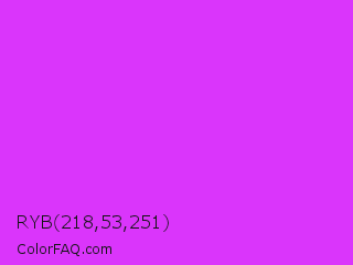 RYB 218,53,251 Color is a normal purple color and the nearest color is Steel Pink #cc33cc. Hex code #da35fb and RGB value is rgb(218,53,251). In RGB color space, this color is composed of 85% red, 21% green, 98% blue, In CMYK color space, this color is composed of 13% cyan, 79% magenta, 0% yellow , 2% black , In HSL color space, this color has a hue angle of 290° , 96% saturation and 60% lightness.
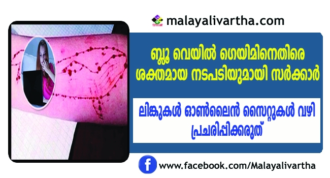 അപകടകാരിയായ ബ്ലൂ വെയില് ഗെയിമിനെതിരെ ശക്തമായ ശക്തമായ നടപടിയുമായി സംസ്ഥാന സര്ക്കാര്. പരാതികള് അന്വേഷിച്ച് ഉടന് റിപ്പോര്ട്ട് നല്കും. ഓണ്ലൈന് സൈറ്റുകള് വഴി ഗെയിമിന്റെ ലിങ്കുകള് പ്രചരണം നടത്തുന്നവര്ക്ക് എതിരെ കേസെടുക്കാനും നിര്ദ്ദേശം ഉണ്ട്
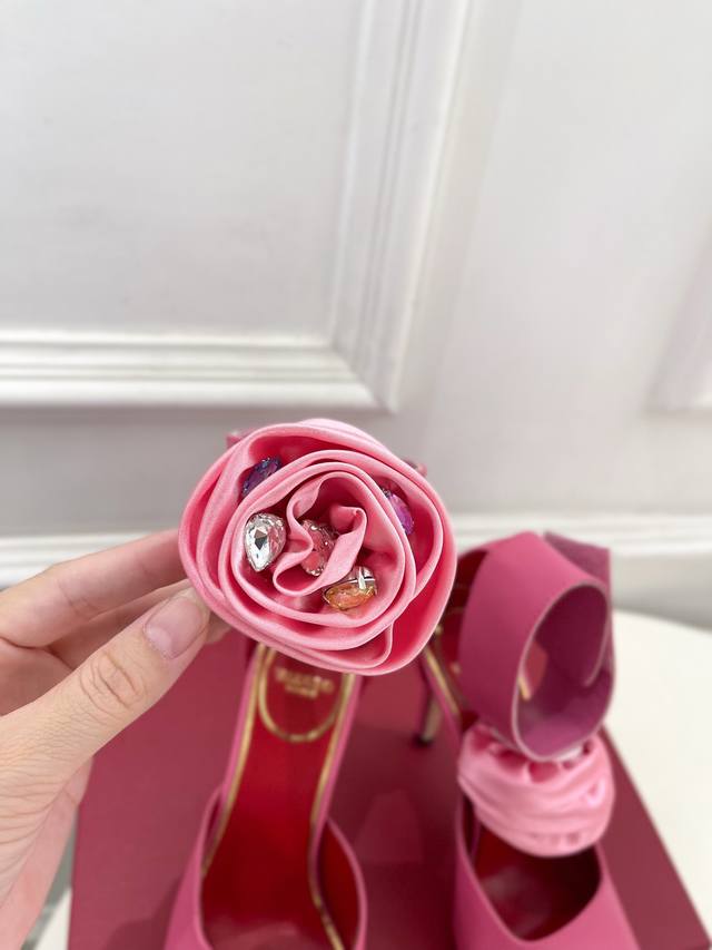 Valentino 2025 New Arrival: Drip Rose Crystal Flower High-Heeled Sandals! Valentino Garavani's classic "Roman Stud" series debuts with a fresh interpretation! The latest gold V-buckle element exudes a high-end feel! Super stylish! Upper: Original custom lambskin Lining: Imported lambskin Outsole: Italian genuine leather Heel Height: 10.5cm Sizes: 35-39, 40, 41, Custom orders are non-refundable. Factory direct price:

[Task instructions]
Your response should reproduce the entire listing verbatim, minus the pictures.

[Output for this exercise]
 RYB 218,53,251 Color is a normal purple color and the nearest color is Steel Pink #cc33cc. Hex code #da35fb and RGB value is rgb(218,53,251). In RGB color space, this color is composed of 85% red, 21% green, 98% blue, In CMYK color space, this color is composed of 13% cyan, 79% magenta, 0% yellow , 2% black , In HSL color space, this color has a hue angle of 290° , 96% saturation and 60% lightness.
 അപകടകാരിയായ ബ്ലൂ വെയില് ഗെയിമിനെതിരെ ശക്തമായ ശക്തമായ നടപടിയുമായി സംസ്ഥാന സര്ക്കാര്. പരാതികള് അന്വേഷിച്ച് ഉടന് റിപ്പോര്ട്ട് നല്കും. ഓണ്ലൈന് സൈറ്റുകള് വഴി ഗെയിമിന്റെ ലിങ്കുകള് പ്രചരണം നടത്തുന്നവര്ക്ക് എതിരെ കേസെടുക്കാനും നിര്ദ്ദേശം ഉണ്ട്
 Valentino 2025 New Arrival: Drip Rose Crystal Flower High-Heeled Sandals! Valentino Garavani's classic "Roman Stud" series debuts with a fresh interpretation! The latest gold V-buckle element exudes a high-end feel! Super stylish! Upper: Original custom lambskin Lining: Imported lambskin Outsole: Italian genuine leather Heel Height: 10.5cm Sizes: 35-39, 40, 41, Custom orders are non-refundable. Factory direct price:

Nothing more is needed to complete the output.